### Information provided
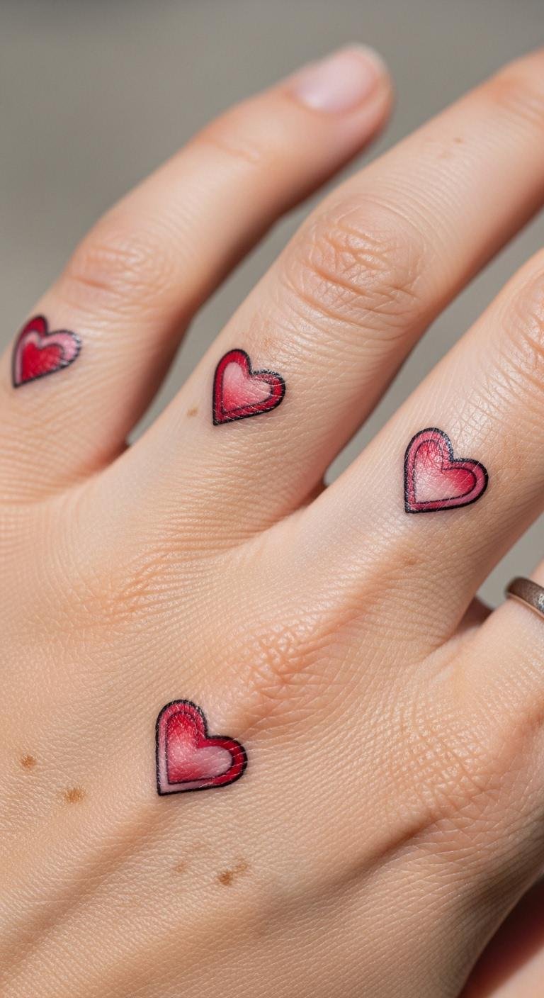 A cluster of tiny hearts on your hand spreads love subtly. They represent connection in a sweet design. Opt for three small hearts. This is about $40 to get. Draw hearts with a pen on your hand—quick and free. Heart temporary designs cost $1 each. Use basic shapes for charm. This area glides under rings but adds flair daily. Heart tattoos work on busy hands with care. Make each under 0.5 inches. Group them creatively for fun. Use nail art pens for home trials.
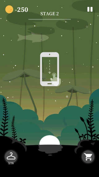 整体而言,这款游戏的难度不算高,不过对玩家的手速与反应力要求挺高的。玩家需要保护小青蛙在水中持续跳跃,方向的把控十分关键,过程中不能碰到沿途的墙壁和荆棘。同时,利用各种机关、收集路上的金币,这些也都是取胜的重要因素。
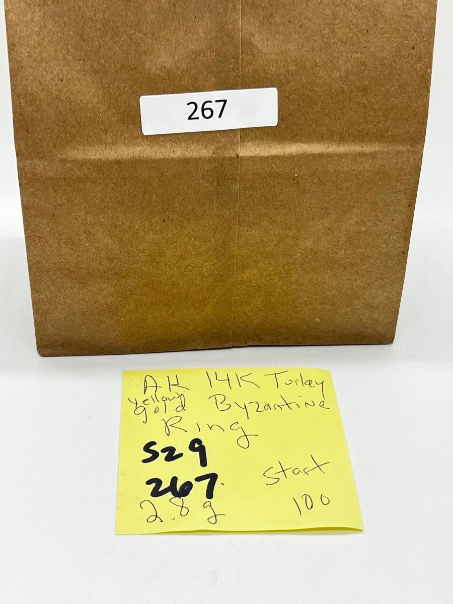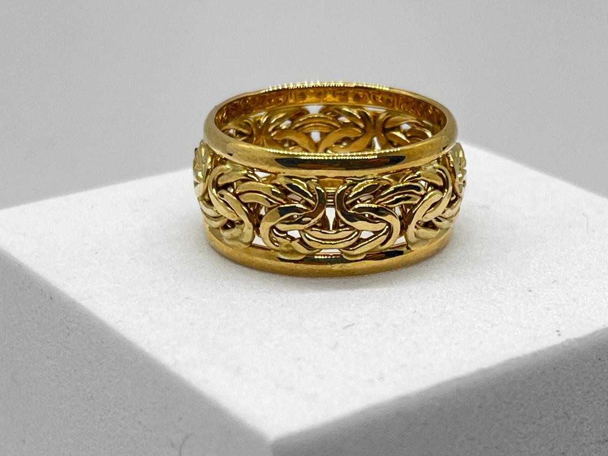 LOT 267J: 14K Yellow Gold Turkey Byzantine Size 9 Ring - 2.8 g
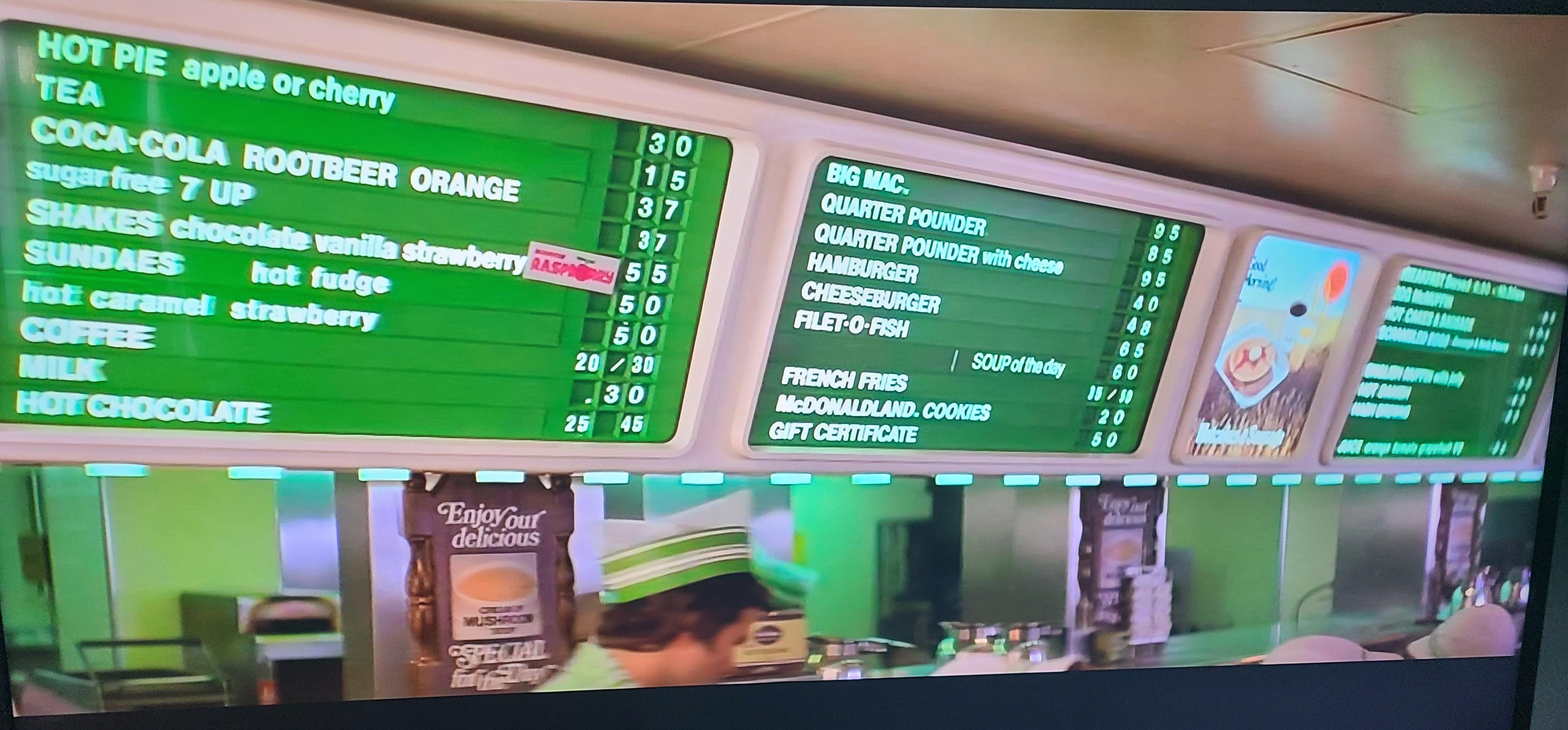 I remember when it looked like this. I believe they used some variation of this into the late 1980s, though in most places it was tan and not green. That Big Mac for $0.95 would be $4.24 in today’s dollars. In reality, actual Big Mac prices seem to be a bit higher than that in most places.

### What this task involves
Every line from the line containing "整体而言,这款游戏的难度不算" through the last line above is to be printed exactly. Pictures are not copied.

### Response to this task
 整体而言,这款游戏的难度不算高,不过对玩家的手速与反应力要求挺高的。玩家需要保护小青蛙在水中持续跳跃,方向的把控十分关键,过程中不能碰到沿途的墙壁和荆棘。同时,利用各种机关、收集路上的金币,这些也都是取胜的重要因素。
 LOT 267J: 14K Yellow Gold Turkey Byzantine Size 9 Ring - 2.8 g
 I remember when it looked like this. I believe they used some variation of this into the late 1980s, though in most places it was tan and not green. That Big Mac for $0.95 would be $4.24 in today’s dollars. In reality, actual Big Mac prices seem to be a bit higher than that in most places.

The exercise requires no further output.